President Cyril Ramaphosa and Siya Kolisi with the 2019 World Cup tropny. Photo: ©Christiaan Kotze/BackpagePix

FLASHBACK: Ramaphosa’s special history with the Springboks

Cyril Ramaphosa’s future as President may hang in the balance, but his connection with the Springboks will not be quickly forgotten.


President Cyril Ramaphosa and Siya Kolisi with the 2019 World Cup tropny. Photo: ©Christiaan Kotze/BackpagePix

President Cyril Ramaphosa has remained in high-level talks with South Africa’s ruling party and various confidantes as pressure mounted for him to quit or be forced from office. On this Flashback Friday, we take a look back at Ramaphosa’s special history with the Springboks, particularly at the 2019 World Cup, when he shared an inspiring message with the team – both before and after the triumphant final.


Ramaphosa was also at the Yokohama Stadium in Japan to celebrate the Springboks winning the Rugby World Cup for the third time, and after the match, he penned a beautifully-written tribute about the pride he felt when he watched Siya Kolisi lift the Webb Ellis trophy.

“I could see the undisguised emotion on the face of his father, Fezakele Raymond Kolisi, watching from the stands. There was his son, the first black captain of the Springboks, making history,” wrote Ramaphosa.

“Siya’s captaincy not only epitomises the transformation of a sport that was once racially segregated; it is the power of a dream fulfilled. This is the dream of a young man of humble circumstances to one day wear the green and gold jersey, and of a country that has enabled him to see it realised.

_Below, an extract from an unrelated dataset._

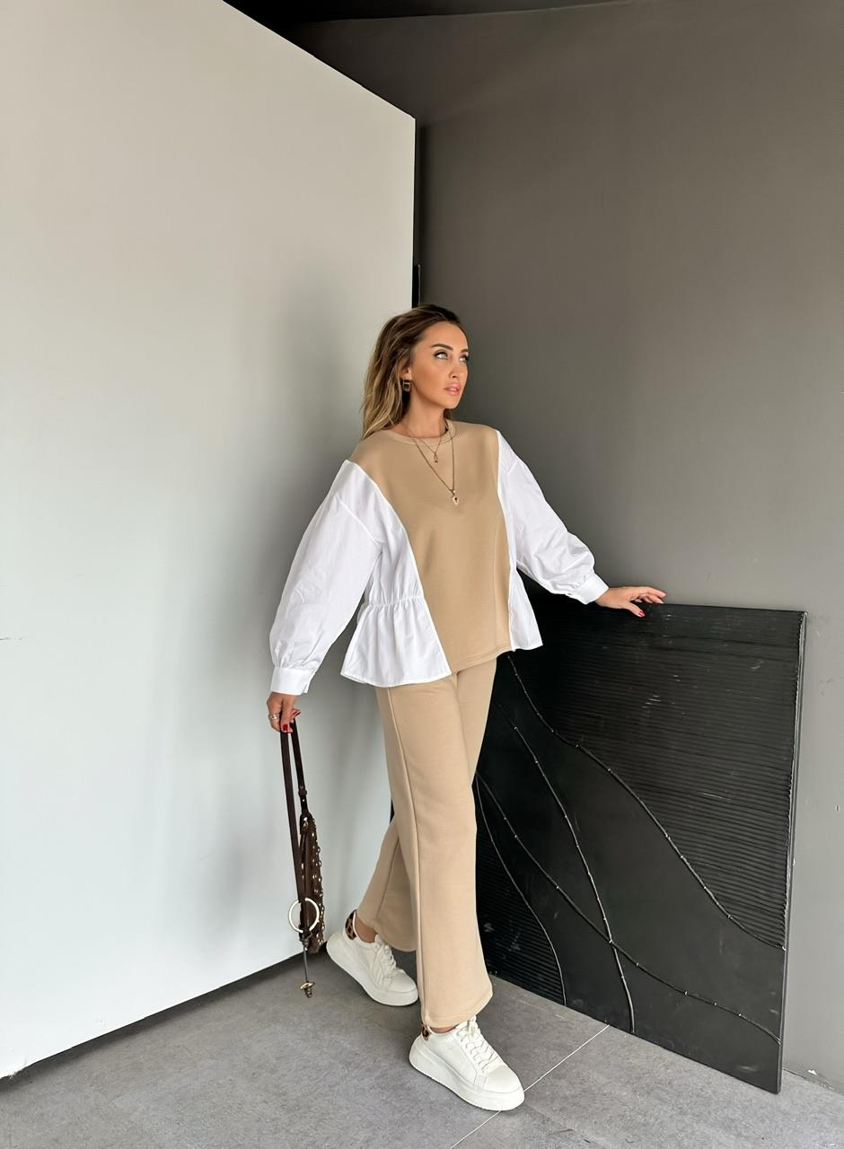 Bej Gömlek Detaylı Sweat Takım

“When Caster Semenya crosses the finish line, when Banyana Banyana find the back of the net, when Chad le Clos lifts his gold medal, when our national netball team, the Proteas are crowned Africa champions, all of South Africa is cheering on the sidelines. After generations of division, we have become a people with a great sense of national pride.

“But we are not only united by the achievements of our sportstars or internationally acclaimed performers, like the Ndlovu Youth Choir. We are also united by a shared desire for a country where all can live in peace and comfort, where all have an equal chance to achieve their potential.

“We are united by the vision of a country where the divisions of the past can be overcome, a nation of equality, dignity and respect for human rights. Over the past 25 years, we have been working together to build that nation. And while this is still very much a work in progress, we are firmly on the path to unite, renew and transform our society.

“We often fail to appreciate just how far we have come since that iconic moment in 1995 when a South African first held aloft the Rugby World Cup trophy in building a society that offers equal opportunity to all regardless of race, gender or social circumstances.”